[Required work]
Without including any pictures, write out the listing below exactly.

[Exercise data]
· · · · ·

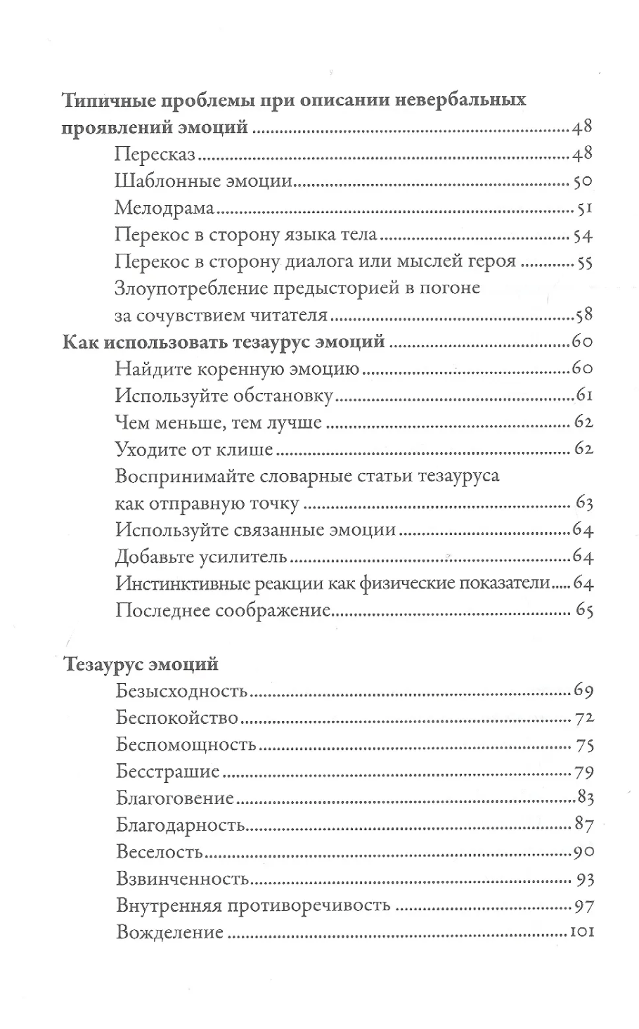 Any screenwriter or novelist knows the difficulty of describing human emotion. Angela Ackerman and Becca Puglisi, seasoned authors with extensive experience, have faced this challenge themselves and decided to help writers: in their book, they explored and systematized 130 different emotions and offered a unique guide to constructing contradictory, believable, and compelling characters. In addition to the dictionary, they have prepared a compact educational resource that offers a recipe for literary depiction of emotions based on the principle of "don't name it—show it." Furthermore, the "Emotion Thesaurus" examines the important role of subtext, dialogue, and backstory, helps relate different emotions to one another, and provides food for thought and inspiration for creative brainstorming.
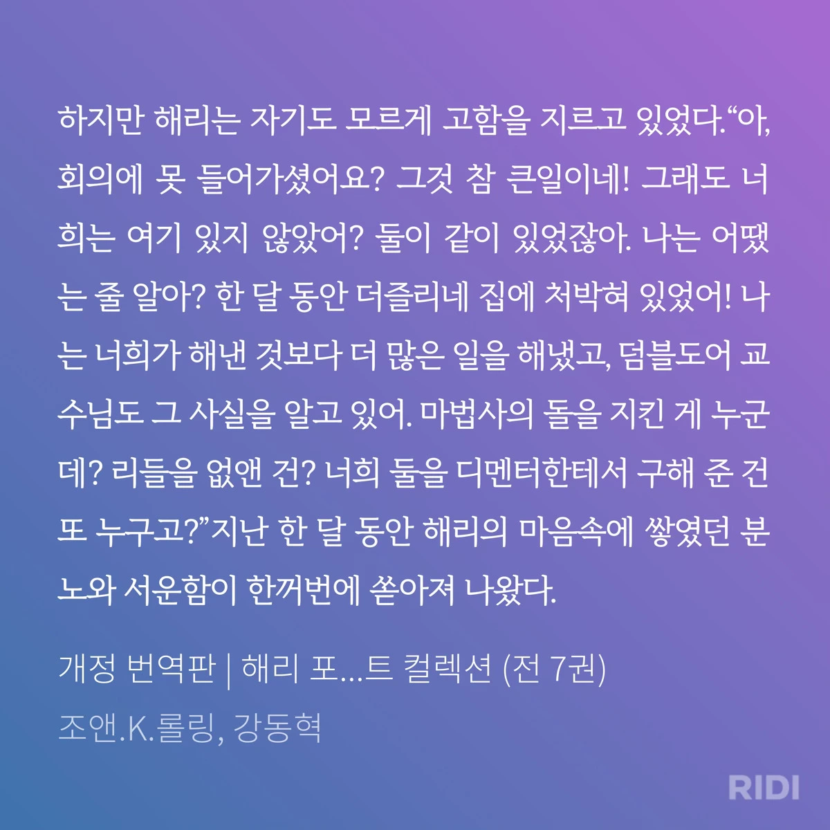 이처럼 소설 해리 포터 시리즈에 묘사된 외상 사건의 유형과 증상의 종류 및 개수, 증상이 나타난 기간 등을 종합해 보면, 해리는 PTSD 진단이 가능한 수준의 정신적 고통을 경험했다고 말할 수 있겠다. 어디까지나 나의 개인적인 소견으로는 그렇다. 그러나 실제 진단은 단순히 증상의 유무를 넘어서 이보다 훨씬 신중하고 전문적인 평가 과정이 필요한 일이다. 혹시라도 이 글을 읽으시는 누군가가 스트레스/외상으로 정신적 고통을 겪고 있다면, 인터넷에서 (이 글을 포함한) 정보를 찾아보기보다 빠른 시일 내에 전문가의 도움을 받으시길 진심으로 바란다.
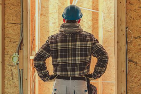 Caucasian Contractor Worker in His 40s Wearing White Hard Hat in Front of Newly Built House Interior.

· · · · ·

[Result of the exercise]
 Any screenwriter or novelist knows the difficulty of describing human emotion. Angela Ackerman and Becca Puglisi, seasoned authors with extensive experience, have faced this challenge themselves and decided to help writers: in their book, they explored and systematized 130 different emotions and offered a unique guide to constructing contradictory, believable, and compelling characters. In addition to the dictionary, they have prepared a compact educational resource that offers a recipe for literary depiction of emotions based on the principle of "don't name it—show it." Furthermore, the "Emotion Thesaurus" examines the important role of subtext, dialogue, and backstory, helps relate different emotions to one another, and provides food for thought and inspiration for creative brainstorming.
 이처럼 소설 해리 포터 시리즈에 묘사된 외상 사건의 유형과 증상의 종류 및 개수, 증상이 나타난 기간 등을 종합해 보면, 해리는 PTSD 진단이 가능한 수준의 정신적 고통을 경험했다고 말할 수 있겠다. 어디까지나 나의 개인적인 소견으로는 그렇다. 그러나 실제 진단은 단순히 증상의 유무를 넘어서 이보다 훨씬 신중하고 전문적인 평가 과정이 필요한 일이다. 혹시라도 이 글을 읽으시는 누군가가 스트레스/외상으로 정신적 고통을 겪고 있다면, 인터넷에서 (이 글을 포함한) 정보를 찾아보기보다 빠른 시일 내에 전문가의 도움을 받으시길 진심으로 바란다.
 Caucasian Contractor Worker in His 40s Wearing White Hard Hat in Front of Newly Built House Interior.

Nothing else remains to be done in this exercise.